The workshop will use a range of speakers and interactive small and large group activities to enable participants to explore and understand:
- the importance of both software curation (alongside data curation) to achieving gains in reproducibility
- software curation best practice through case studies and policies
- software citation and aspects of software curation related to provenance
- challenges in software curation
- how those engaged with data curation can support or actively engage with these issues to cultivate and build capacity for collaborative efforts to collect, care for, and preserve software
- demos and discussions on how tools, platforms and projects like ReproZip, CodeOcean, Gigantum, and WholeTale can be used in the context of software curation and reproducible research.

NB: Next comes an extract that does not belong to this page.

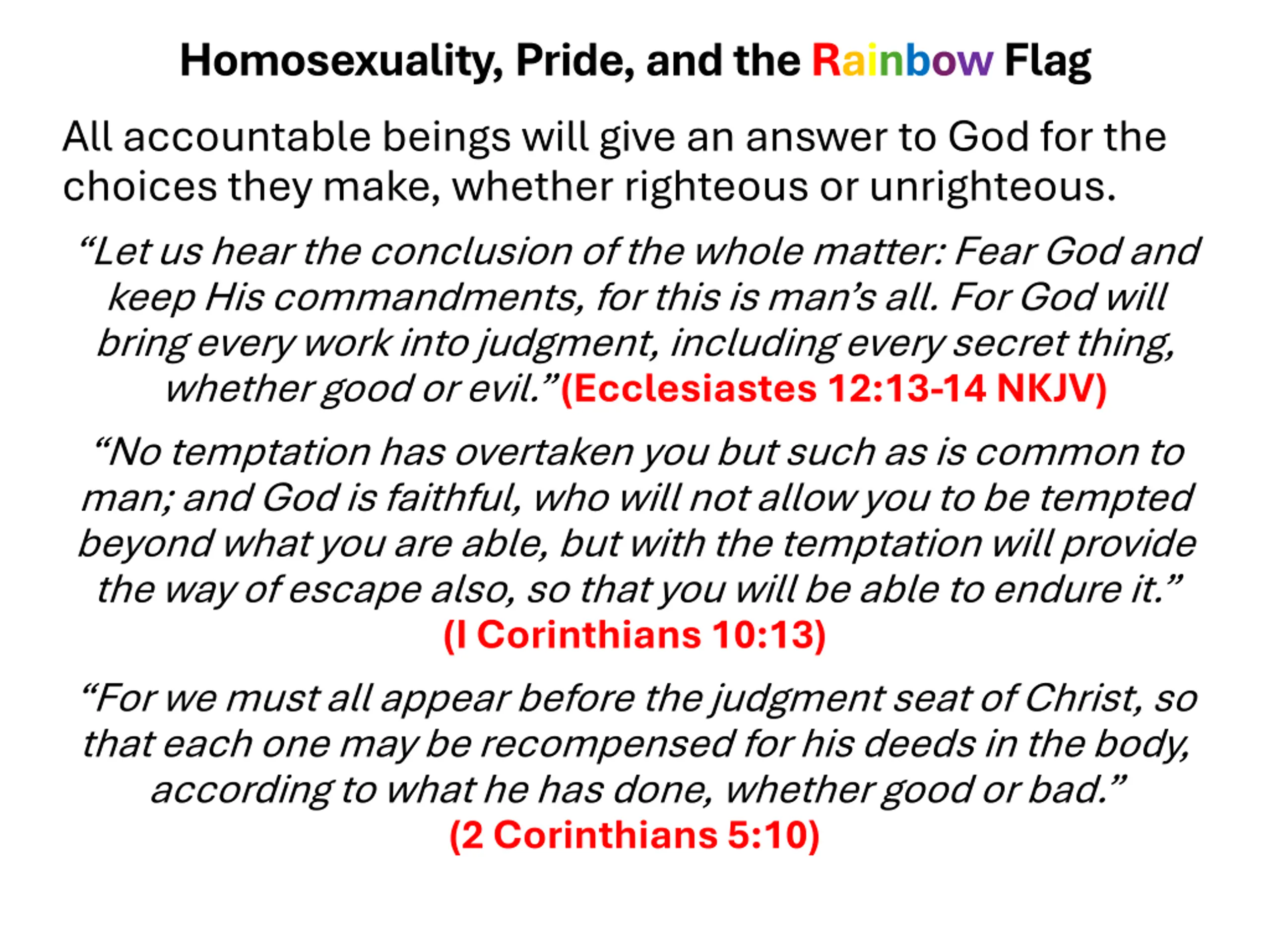 Homosexuality, Pride, and the Rainbow Flag All accountable beings will give an answer to God for the choices they make, whether righteous or unrighteous. Let us hear the conclusion of the whole matter: Fear God and keep His commandments, for this is man s all. For God will bring every work into judgment, including every secret thing, whether good or evil. (Ecclesiastes 12:13-14 NKJV) No temptation has overtaken you but such as is common to man; and God is faithful, who will not allow you to be tempted beyond what you are able, but with the temptation will provide the way of escape also, so that you will be able to endure it. (I Corinthians 10:13) For we must all appear before the judgment seat of Christ, so that each one may be recompensed for his deeds in the body, according to what he has done, whether good or bad. (2 Corinthians 5:10)

Organisers: Natalie Meyers, University of Notre Dame; Sophie Hou, National Center for Atmospheric Research; Jens Klump, CSIRO; Natasha Simons, Australian Research Data Commons, Matthias Liffers, Australian Research Data Commons, Gerry Ryder, Australian Research Data Commons
Agenda
Time | Session |
12:30 - 13:30 | Lunch & networking |
13:30 - 13:35 | Welcome, introductions, housekeeping |
13:35 - 13:50 | Icebreaker activity: who’s who in the room |
13:50 - 14:10 | From data curation to software curation: challenges and opportunities |
14:10 - 14:30 |
Software curation best practice: tools and platforms for source code
|
14:30 - 15:00 |
Software curation best practice: tools and platforms for curating software in the context of publication and re-use. Possible case studies:
|
15:00 - 15:30 | Afternoon tea break |
15:30 - 16:00 |
Software curation best practice - case studies & policy
|
16:00 - 16:30 |
Software curation best practice - support networks and research collaborations. Possible case studies:
|
16:30 - 16:50 |
Table discussions
|
16:50 - 17:00 | Wrap up and evaluation |
17:00 | Thank you and close |
Costs and Registration
£52
This is part of the excellent programme of workshops at the 14th International Digital Curation Conference.